Пока придумывание означало открытие чего-то, что уже существует в Писании, рассказу никогда не удавалось полностью «эмансипиро­ваться» от Книги Книг. Сама концепция эман­сипации (желание индивидуальной автономии порождает рассказ, который позволяет путеше­ствовать во времени, а он, в свою очередь, по­рождает поток нарратива) — одно из современ­ных построений, полностью противоречащих самосознанию раввинистического иудаизма. Даже наоборот — обращение евреев к литера­турному творчеству в Средние века произошло во имя деэмансипации: это было своего рода узаконение легендарных мотивов, которые за­имствовались из самых разных источников, или обновление репертуара историй с опорой на ав­торитет святых текстов9.

Стабильность средневековой еврейской куль­туры обуславливается существованием сейфер, увесистого тома, канонического текста, освя­щенного достоинством языка (иврита и арамей­ского), содержанием (галахическим или агади- ческим), местом происхождения (Синай, Явне, талмудическая академия) и предполагаемыми читателями (мужчинами). Идишская майсе- бихл (скромная история или дешевая книжечка того типа, что начинает появляться в Италии в XVI в.) описывается точно наоборот: такая книга анонимна и дешева, содержит только один по­вествовательный элемент, ее можно прочитать за один присест, она написана (и напечатана) на разговорном языке. Еврейские компиляторы ухватились за дешевую книжицу, увидев в ней способ уменьшить огромные тома на иврите до такого размера, чтобы их можно было продать. Они перерыли классические сборники в поисках занимательных тем; оторвали драматические сюжеты от ученого контекста; и опубликовали их по отдельности, оставив лишь достаточное число ивритско-арамейских «маркеров», чтобы не лишать их кошерности10. Только на идише эфемерность книжек с историями стала их глав­ным достоинством.
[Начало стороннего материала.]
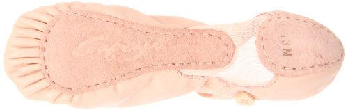 Soft leather upper with a power mesh Growth Packet, soft elastic binding and adjustable instep straps all work together so every child can learn to love ballet
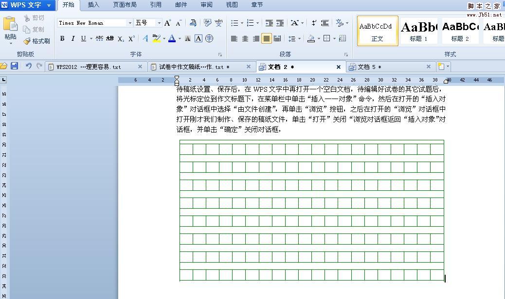 ),之后在打开的“浏览”对话框中打开刚才我们制作、保存的稿纸文件,单击“打开”关闭“浏览对话框返回“插入对象”对话框,并单击“确定”关闭对话框。至此,一页稿纸就插入到试卷中了(如图
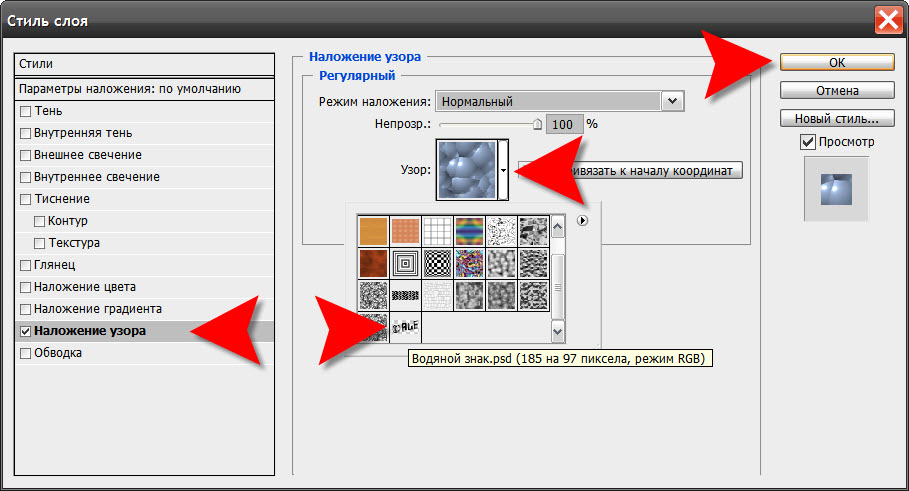 Если вы хотите применить узор для любого выбранного слоя, двойным кликом по миниатюре этого слоя откройте окно «Стили слоя» (Layer Style) . Почти в самом низу найдите параметр «Наложение узора» (Pattern Overlay) и активируйте его.
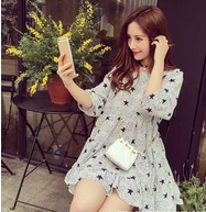 2016春韓版學(xué)院風(fēng)星星連衣裙小清新學(xué)生寬松七分袖連衣裙夏女潮 /
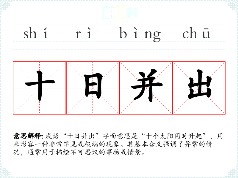 成语“十日并出”字面意思是“十个太阳同时升起”,用来形容一种非常罕见或极端的现象。其基本含义强调了异常的情况,通常用于描绘不可思议的事物或情景。
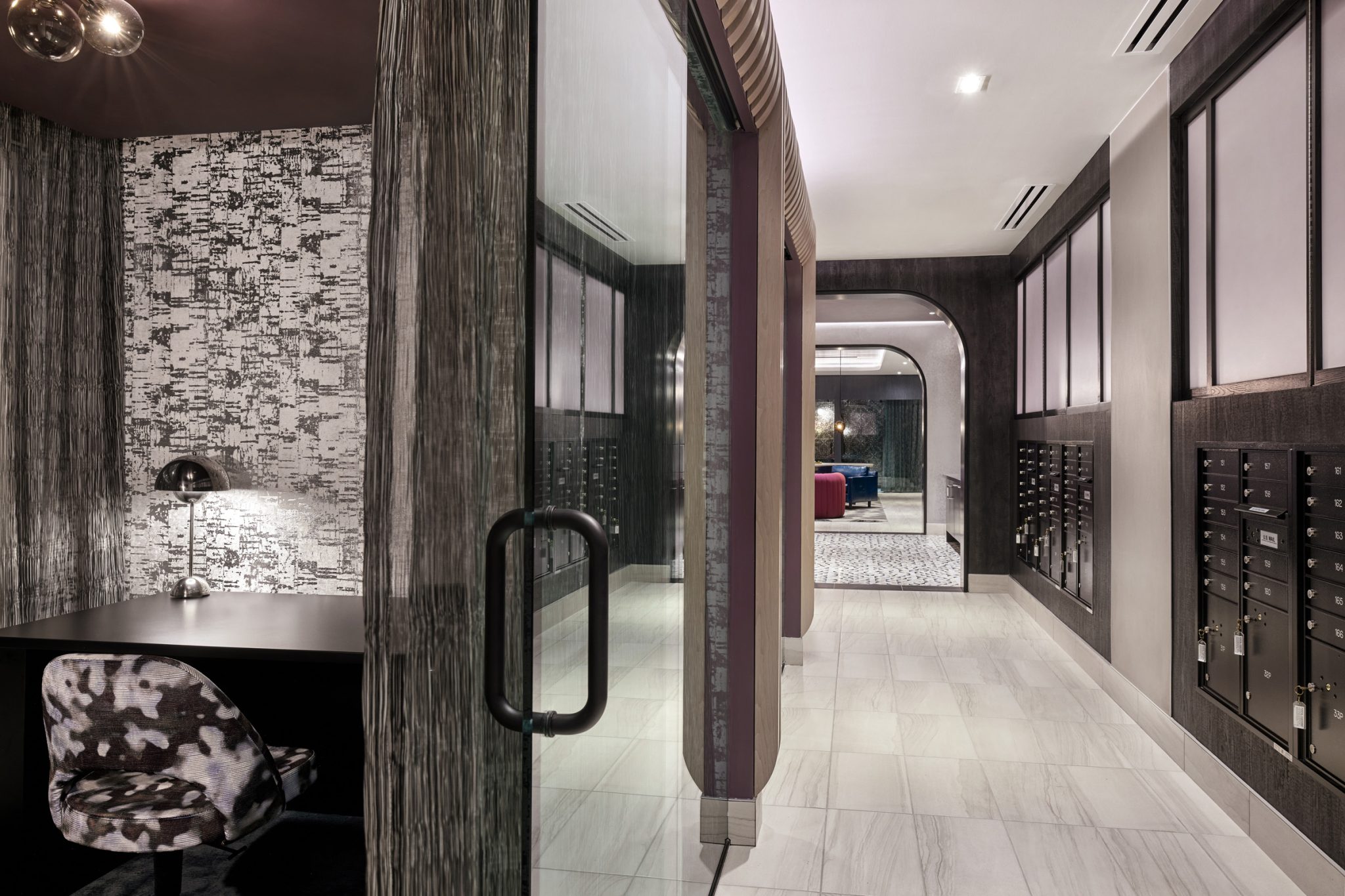 From the lobby to the penthouse, curated art and custom lighting and furniture are located throughout the building. The millwork and lighting in the mailroom nod to the organic forms throughout the interior architecture of Reverb—and provide a preview of the light and airy apartment units—while also balancing the dark composition of most of the interior space. Coworking stations are located throughout the ground floor, in addition to the mailroom, in response to the post-pandemic demand for these spaces. To appeal to young professionals, providing a comfortable space to work from home was a top priority.
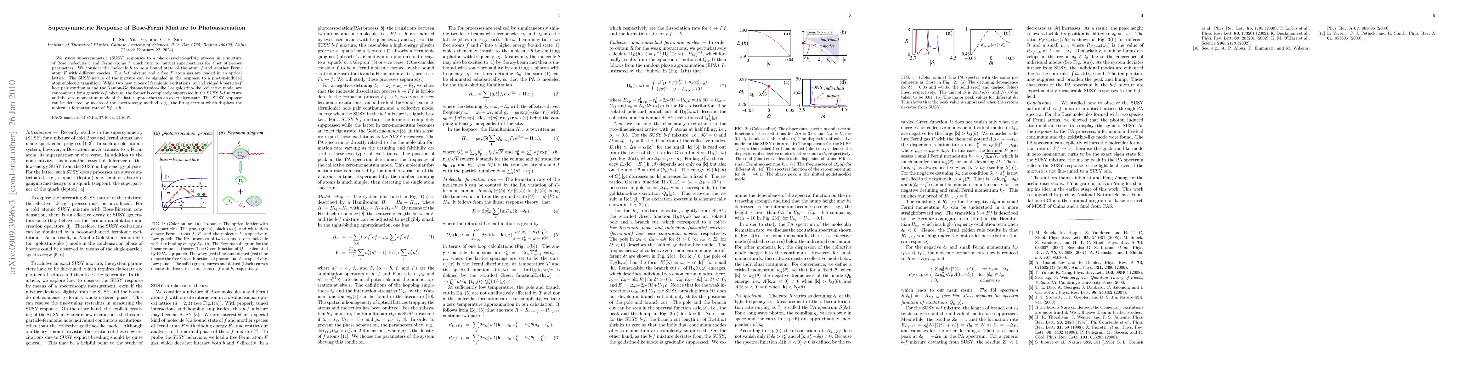 This paper investigates the supersymmetric responses of a Bose-Fermi mixture to photoassociation, revealing that under specific conditions, the mixture exhibits a suppressed fermionic excitation continuum and a precisely defined collective mode, detectable via spectroscopy. These findings highlight the unique SUSY behavior in the atom-molecule transition process.
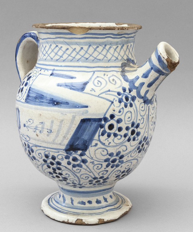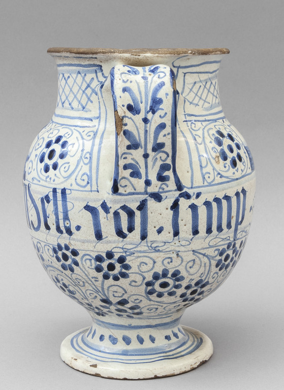 Versatoio in ceramica decorazione blu su fondo bianco con scritta medicinale Italia Centrale sec.XVII
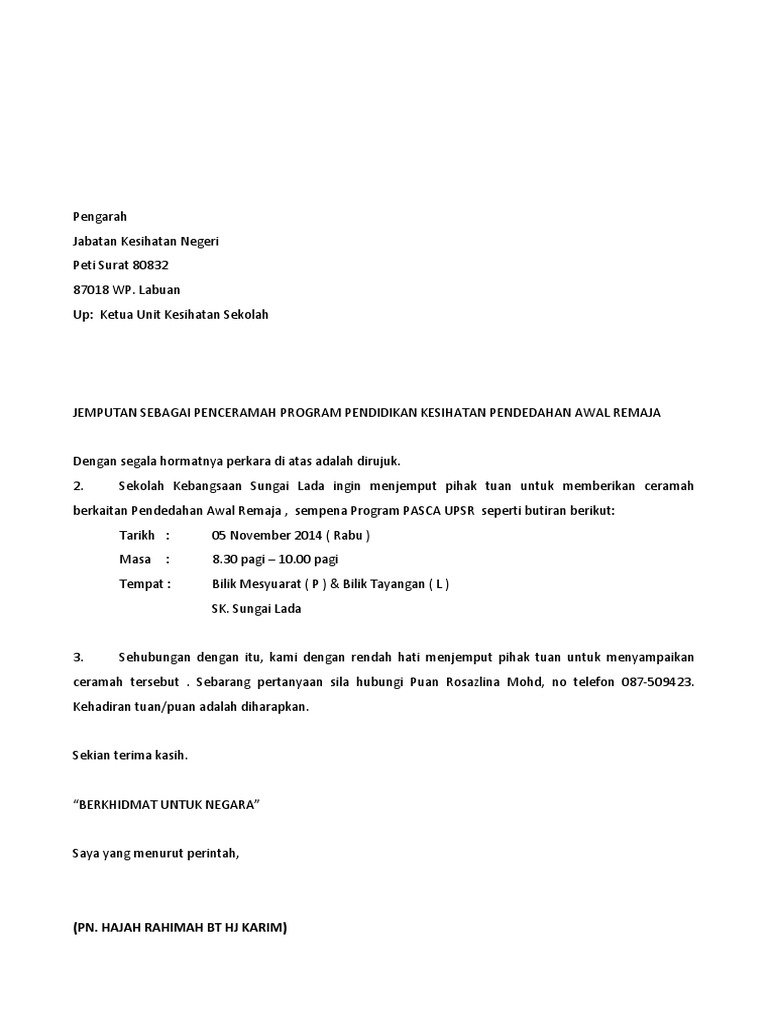 Contoh Surat Rasmi Ke Jabatan Kesihatan
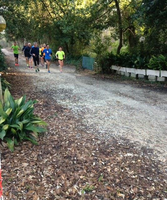 Riscaldamento al km 4,5 del Viale correndo i primi 2 km all’interno della pineta

Насколько книга-сейфер была однородной, вневременной и постоянной, настолько этими же качествами обладала и тоненькая майсе-бихл, только в кратком варианте. В идеале, эти книж­ки на идише, переводы из Талмуда, мидрашей и апокрифов, можно было отнести к конкретным праздникам: апокрифические книги Маккавеев и Товита следовало читать на Хануку; историю рабби Меира и десяти потерянных колен на Шавуот; о разрушении Храма — на Девятое ава11. Предприимчивому редактору требовалось со­всем немного времени, чтобы освоить прибыль­ный рынок санкционированного субботнего чте­ния — ведь пятьдесят два дня в году евреи могли заглянуть в несвященную книгу. Желание про­читать что-то кроме святых книг привело к появ­лению знаменитой Майсе-бух (Базель, 1602 г.) — огромной антологии, включающей в себя более 250 сказок.

Это была книга на любой день, стремившаяся превратиться в сейфер. Зачем изучать Талмуд и галахические комментарии, осмелился заявить книгоноша из Литвы Янкев бен Авром или Яаков бен Аврагам, если Майсе-бух может ответить на все вопросы раввинов? «Раввин и раввинша, и любой человек, все, кроме действительно сведу­щих в Талмуде» могли покорять людей и влиять на них одной только силой мидрашей и священ­ных историй, которые собрал он, честный ком­пилятор12. Даже практические галахические вопросы, дерзко заявил он, можно решать, опи­раясь на эту книгу историй. Исходя из этой вы­сокоморальной позиции, Янкев бен Авром дошел до заимствования материала из таких «безнрав­ственных» светских книг, как Ку-бух13 или ска­зания о Дитрихе Бернском и Хильдебранте, «от которых вы просто впадете в горячку». Грешно было обладать такими книгами и позволять чи­тать их по субботам.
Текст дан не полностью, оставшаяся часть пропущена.